Ah yes, our hotel room, I groggily realized as I threw my covers to the side and felt my way to the restroom. I flipped on the light, blinded for a moment. I rubbed my neck, tight from the restless night’s sleep so far, and thought through how glad I was to be on vacation. But, at the same time, how much I missed home. I love to travel and don’t often deal with homesickness, but in that moment, that’s what I was… homesick.
So many things were different in this moment from the way the lights flickered before lighting up the room to how the floor felt under my feet. Though our trip had been full of connection and laughter and fun, it felt so different than the comforts of home.
This is not my home… the words echoed through my sleepy soul. Just as “this world is not our permanent home; we are looking forward to a home yet to come” as Paul wrote to the early Christians in Hebrews 13.
Minutes later, I shuffled back to bed, rearranged the pillows and curled up under the covers. This time, sleep came quickly and by morning I was ready for another day full of sunshine and adventure.
In the darkness of night, home seemed so far away.
***
I stand in my closet. My house is still quiet. The sun hasn’t yet risen. I’m thinking through what to wear – debating with myself as if a life depends on my decision. I love spring, but the variance in temperature makes outfit choices a little more difficult. I flip hangers to the side and finally pull on a pair of black pants and a warm black top.
My heart weighs heavy in this pre-dawn Monday morning. I’d heard hard news about a friend over the weekend. I pray for her as I continue to get ready for the day. Another friend comes to mind; another prayer whispered. Family members, friends, and others come to mind and I bring them to the Lord in prayer – Lord, show them your nearness through their heartache and health struggles. Show me how to love them well.

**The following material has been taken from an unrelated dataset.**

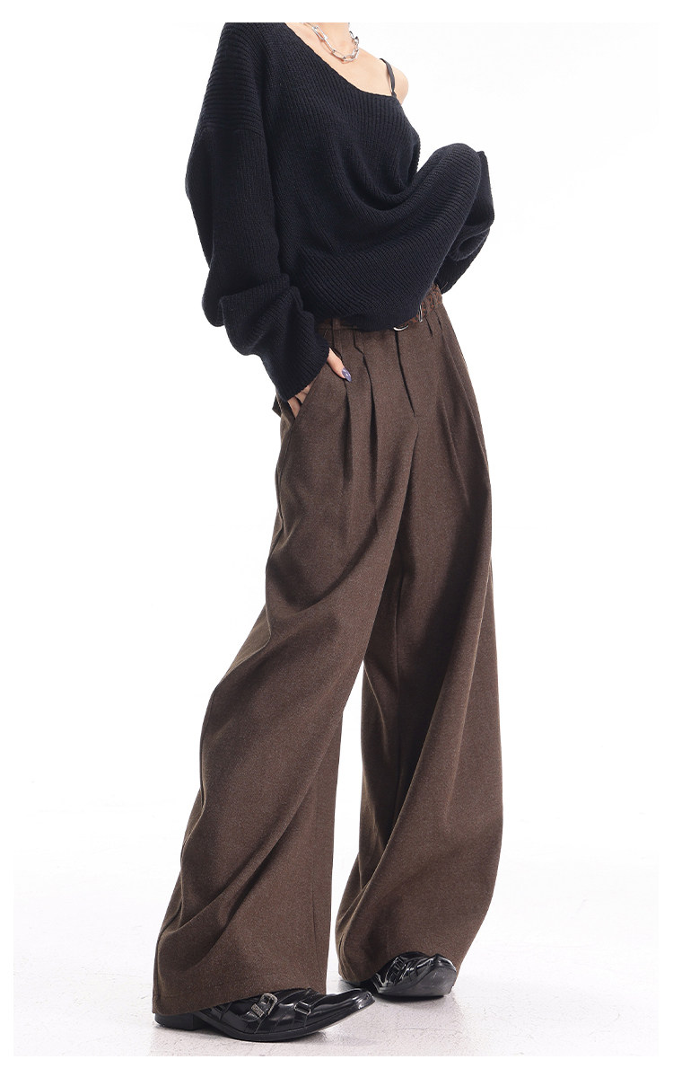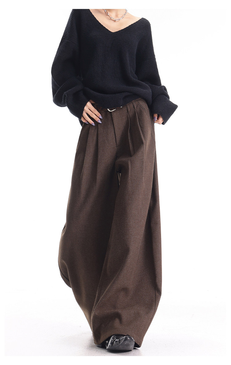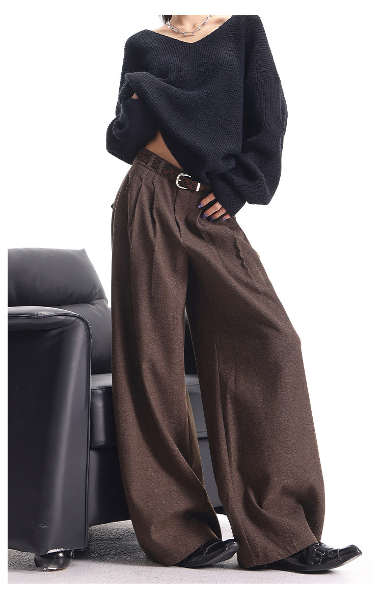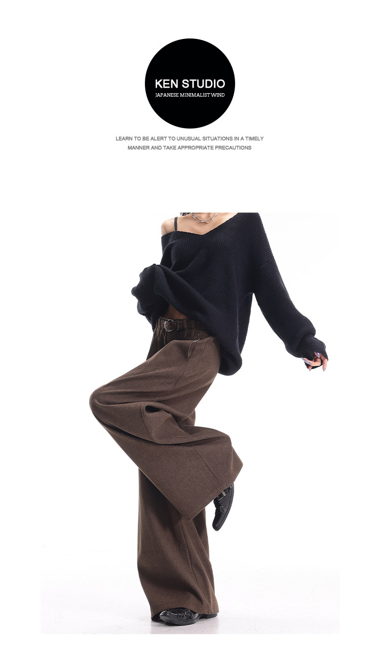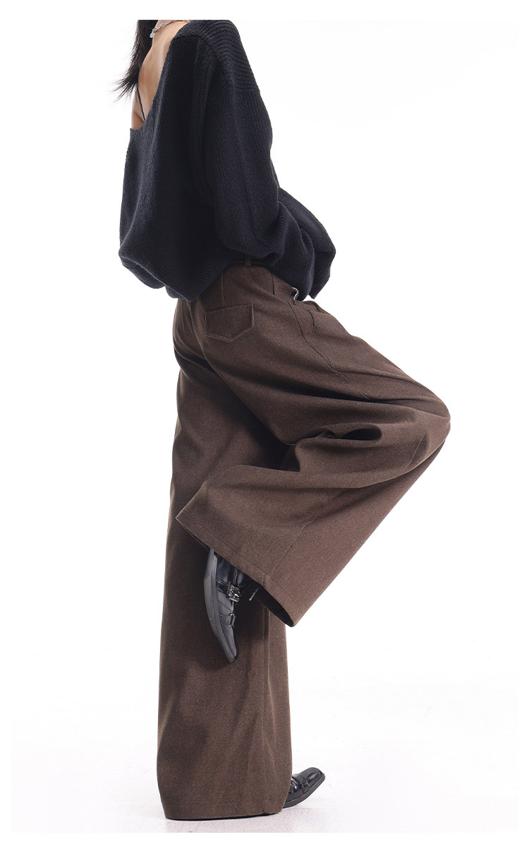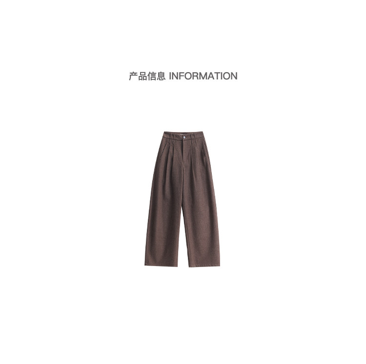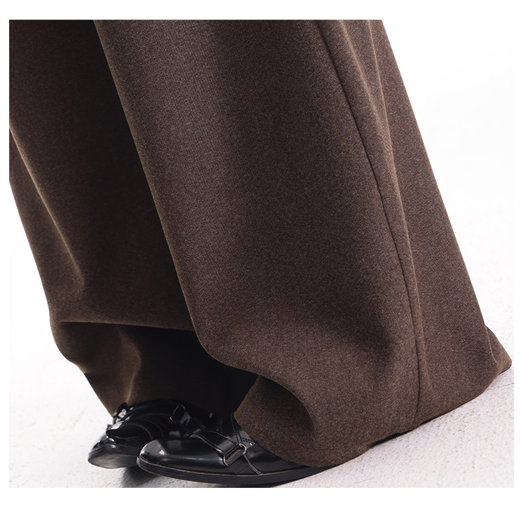 Ken Studio Autumn and Winter New Vintage Money Style Coffee-Colored Brushed Suit Pants for Women, Retro Versatile Wide-Leg Casual Pants

I move into the kitchen, turn on our dimmest light; our house slowly awakens and begins to stir. I feed our puppy and notice my heart has begun to search for the Word hidden inside, finally finding the verse I’m thinking of - in Revelation 21:4, when God “will wipe away every tear from their eyes; and there will no longer be death; there will no longer be sorrow and anguish, or crying, or pain; for the former order of things has passed away.”
That’s when I make the connection. The same feeling that overwhelmed me in the middle of the night in our hotel room on vacation, rises up in me now. Homesick… but this time it’s for what’s to come rather than what I’ve left behind. I yearn for a time with no sorrow or crying or pain.
I make my way through my morning routines – coffee and fixing a lunch and last-minute packing of all the items I need for the day, then goodbyes to my guys as we go our separate ways.
In the minutes before I, too, need to leave for the day, I open my prayer journal and jot down the names of those that came to mind this morning. I make note of several things for which I am thankful. I read the next chapter in the book of John and my phone begins to buzz. A friend I’d prayed for moments ago sends an update.
In the shadow of her circumstances, she reaches for a friend to remind her of the Goodness to come as she trusts in the Lord.
Before I leave for the day, I quickly check the weather and realize the predictions are much cooler than I anticipated. Instead of adding more dark colors to my all black ensemble, I grab a pink jacket and scarf – a reminder of the warmth to come.
***
Some days, even in the midst of contentment and joy, connection and laughter, or my normal morning routines, I find myself looking for signs of home. Not my lovely, comfortable home with my kitchen and couch and puppy and pillow and people, but my eternal home. On occasion, in the darkest places and nights, that home seems so far away. But often, I see reminders of my heavenly home, of God’s Goodness, in the conversations with friends, in sunsets and sunrises and in the colors of the day.
Lord, you tell us you’ve gone to prepare a place – a new home - for us. You’ve already sent your Spirit as our comfort. Allow us to feel your Spirit rise within us when we’re homesick, to trust in the Goodness that’s to come. Allow us to find comfort in you and in showing your love and grace to others.